Пожалуй, я была последним человеком на Земле, с которым мне приходилось считаться. Еще с детства я ставила интересы окружающих выше своих собственных, и отчасти мне это даже нравилось. Иначе зачем бы я столько раз помогала другим? Ответ был довольно прост: я могла. А вот чего я не смогла бы – спокойно жить, зная, что оставила человека на произвол судьбы. Но, к сожалению, по отношению к себе это не работало. Даже когда внутренний голос говорил, что пора сделать соответствующие выводы, я отшучивалась от здравого смысла, предпочитая полностью отдаться в руки госпоже случайности, которая столько раз выручала меня. Она была в тесной дружбе с судьбой, у которой было нетривиальное чувство юмора, так что я не стремилась нажить себе врагов. Мои желания не всегда сбывались, и это было нормально. Однако порой диалог с самой собой продолжался до бесконечности, и я старалась переубедить себя, что все еще делаю правильный выбор. Мне просто нужно было отключиться от всего и затеять разговор с кем-то другим. Но что, если бы я услышала правду, которую сама отрицала?

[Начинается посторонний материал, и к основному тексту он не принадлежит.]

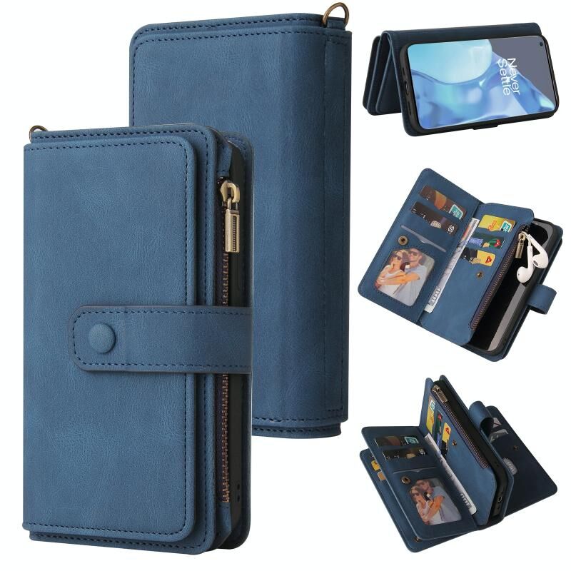 Για OnePlus 9 Pro Skin Feel PU + TPU Οριζόντια Flip δερμάτινη θήκη με κάτοχο & 15 κάρτες Slot & πορτοφόλι & φερμουάρ τσέπη & Lanyard (μπλε)

Из всех моих знакомых лишь один не стал бы давать никакой оценки происходящему. Он просто не смог бы. Думаю, это и подтолкнуло меня взяться за рассказ Марвина снова. У нас обоих были проблемы, но, надо признать, у него их было гораздо больше, чем у меня.

Я пошла в комнату и достала дневник из «тайника» – им служил керамический цветочный горшок, который пока что пустовал. Он предназначался для апельсинового дерева, которое я забрала из дома Маккарти при переезде. Кто ожидал, что маленькая косточка, зарытая мной в землю двадцать лет назад, прорастет? Когда на поверхности показался первый маленький побег, мы и не думали, что он выживет, однако теперь деревце было практически с меня ростом и могло похвастаться крупными, лоснящимися от эфирного масла листьями. Темно-изумрудной была и поверхность сосуда, расчерченная по кругу тонкими золотыми полосами. Внутри, на самом дне, прикрытые несколькими пакетами, лежали кучно исписанные страницы в таком же зеленом переплете…

Почему я не поставила тетрадь на полку? Я не хотела, чтобы она была на виду. История Марвина отныне являлась нашей с Сьюзан тайной, и пока я была не готова ей делиться.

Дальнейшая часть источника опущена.